Winter is visiting this week. I could not resist taking a picture of the stop sign below that had been coated with snow, which had then slipped a bit.
Speaking of visiting, I visited the Jasper County Historical Society Museum last night (Tuesday) to attend their monthly business meeting. One of the announcements was that the historical society would be adding to its collection of buildings on the Fair Grounds. It will be a small addition, and it will be nonfunctional, but it will represent something that was an essential part of life in the early days of the county and because of its importance--pity the home without one--it deserves to be represented. Yup, there will be an outhouse added to the collection. As I said, it will be non-functional and locked to prevent anyone from trying to use it. Of course, most young people probably would not know how to use it. I remember that almost fifty years ago, when I was working a summer job at a camp that catered to rich kids from the northern suburbs of Chicago, that even then some of the kids were amazed when they saw a real outhouse. Far more kids today must be unaware of how bathroom needs used to be met.

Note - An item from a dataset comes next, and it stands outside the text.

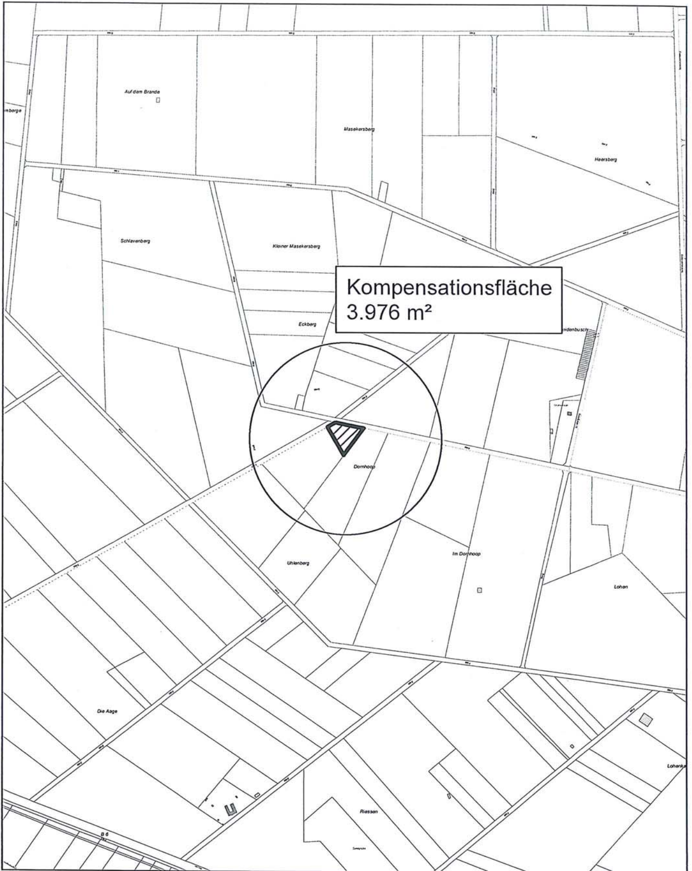
Lageplan der Ersatzmaßnahme für den Eingriff in die Natur und Landschaft für den Bebauungsplan Nr. 373 "Im Dahle - 1. Bauabschnitt" – Eilvese
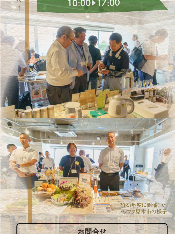
2023年度に開催したノウフク見本市の様子

The speaker for the evening was Dave Zeltwanger from Francesville who runs a business called DK & Sons, LLC. He does a lot of masonry construction and restoration and one of the projects he either has done or will do work for the Embers event hall. His basic message was that it is dangerous and foolhardy to combine old and new masonry techniques. Bricks made in the 19th century were fired at lower temperature than those today and absorb more water. (The only company that still makes bricks the old way is in Indiana, the Colonial Brick Company.) They were held together with lime mortar, a technology that goes back several thousand years. In the late 19th century Portland cement was invented and it works well with modern bricks, which are fired at a higher temperature and are less porous than the older bricks.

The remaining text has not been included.